Wenn Sie weitere Information benötigen, können Sie einen Termin mit einem unserer Anwälte vereinbaren.

Häufig gestellte Fragen 

Handel bedeutet den Kauf und Verkauf von Aktien, Anleihen, Derivaten und anderen Finanzprodukten. Er findet an der SET, MAI und TFEX unter der Aufsicht der SEC statt.

 

Erträge lassen sich in vier Gruppen einteilen: Kapitalgewinne, Dividenden, Zinsen und Gewinne/Diskonte aus Schuldtiteln. Die steuerliche Behandlung hängt vom Wohnsitz, der Art des Anlegers und den Doppelbesteuerungsabkommen (DBA) ab.

Gewinne aus an der SET notierten Aktien sind steuerfrei.
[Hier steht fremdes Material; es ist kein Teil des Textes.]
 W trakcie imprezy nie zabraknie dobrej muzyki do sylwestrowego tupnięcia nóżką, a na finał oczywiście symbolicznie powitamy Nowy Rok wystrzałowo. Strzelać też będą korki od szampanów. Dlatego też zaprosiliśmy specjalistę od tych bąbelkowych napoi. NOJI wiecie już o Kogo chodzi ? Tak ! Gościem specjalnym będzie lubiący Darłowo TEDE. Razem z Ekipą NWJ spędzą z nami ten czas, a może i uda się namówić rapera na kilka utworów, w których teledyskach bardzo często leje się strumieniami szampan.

Verkäufe am außerbörslichen Markt (OTC) sind jedoch steuerpflichtig und müssen in der jährlichen Einkommensteuererklärung angegeben werden.
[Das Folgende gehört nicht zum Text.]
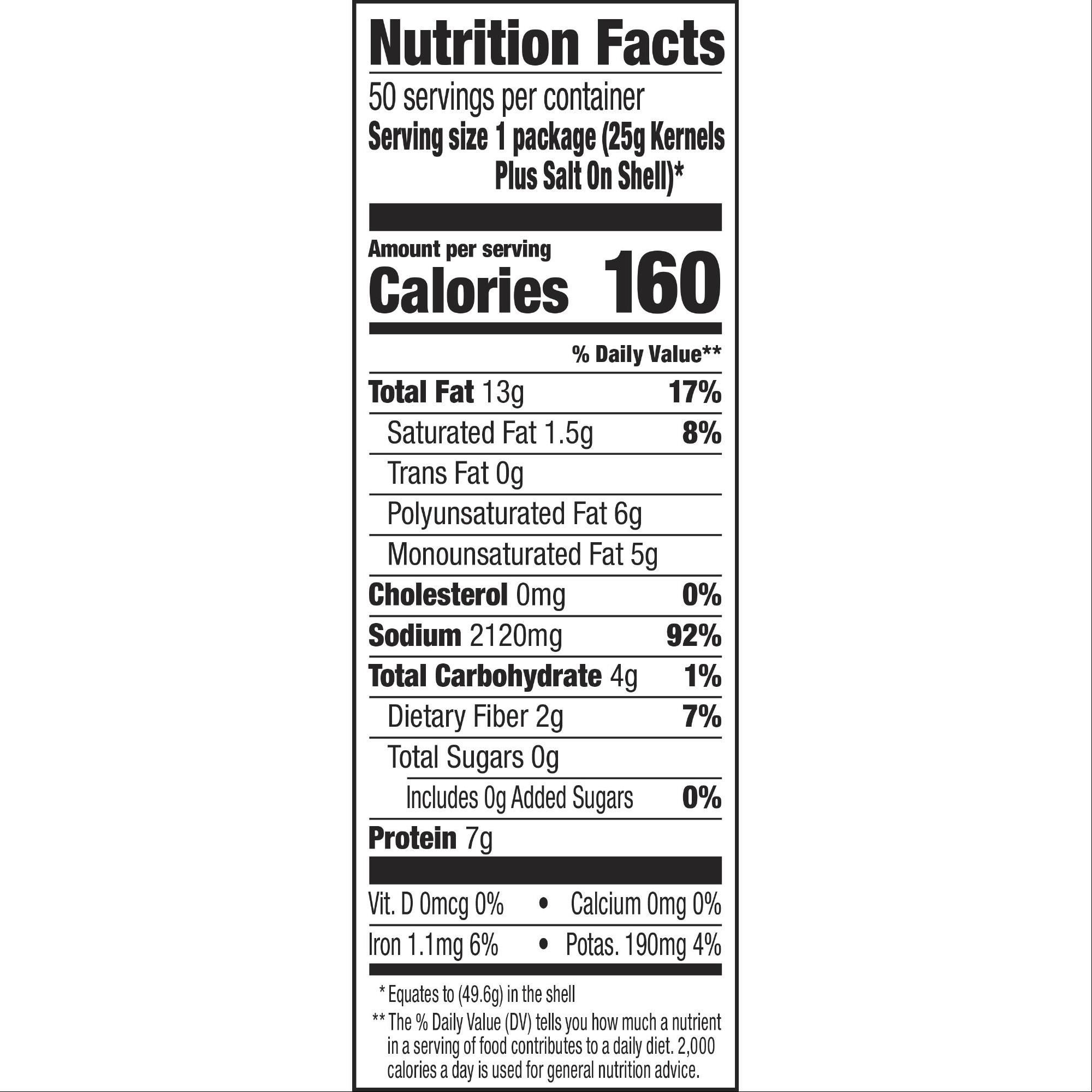 Contains (50) 1.75 oz. bags for easy, on-the-go snack time All-natural ingredients and nutrients with vitamins and minerals for a healthier alternative snack Packed with nutritious unsaturated fats, fiber, and protein Great source of fiber and vitamin E Original lightly salted, robust shell for a satisfying crunch and taste

Auf Dividenden wird eine Quellensteuer von 10 % erhoben, auf Zinsen 15 %. Die Sätze können im Rahmen von Doppelbesteuerungsabkommen (DBA) oder für vom BOI geförderte Unternehmen und Staatsanleihen reduziert oder erlassen werden.

DBA reduzieren oder beseitigen Doppelbesteuerung. Sie können Kapitalgewinne von der Steuer befreien, die Quellensteuersätze für Dividenden und Zinsen senken und die Vorlage einer Wohnsitzbescheinigung bei den thailändischen Steuerbehörden vorschreiben.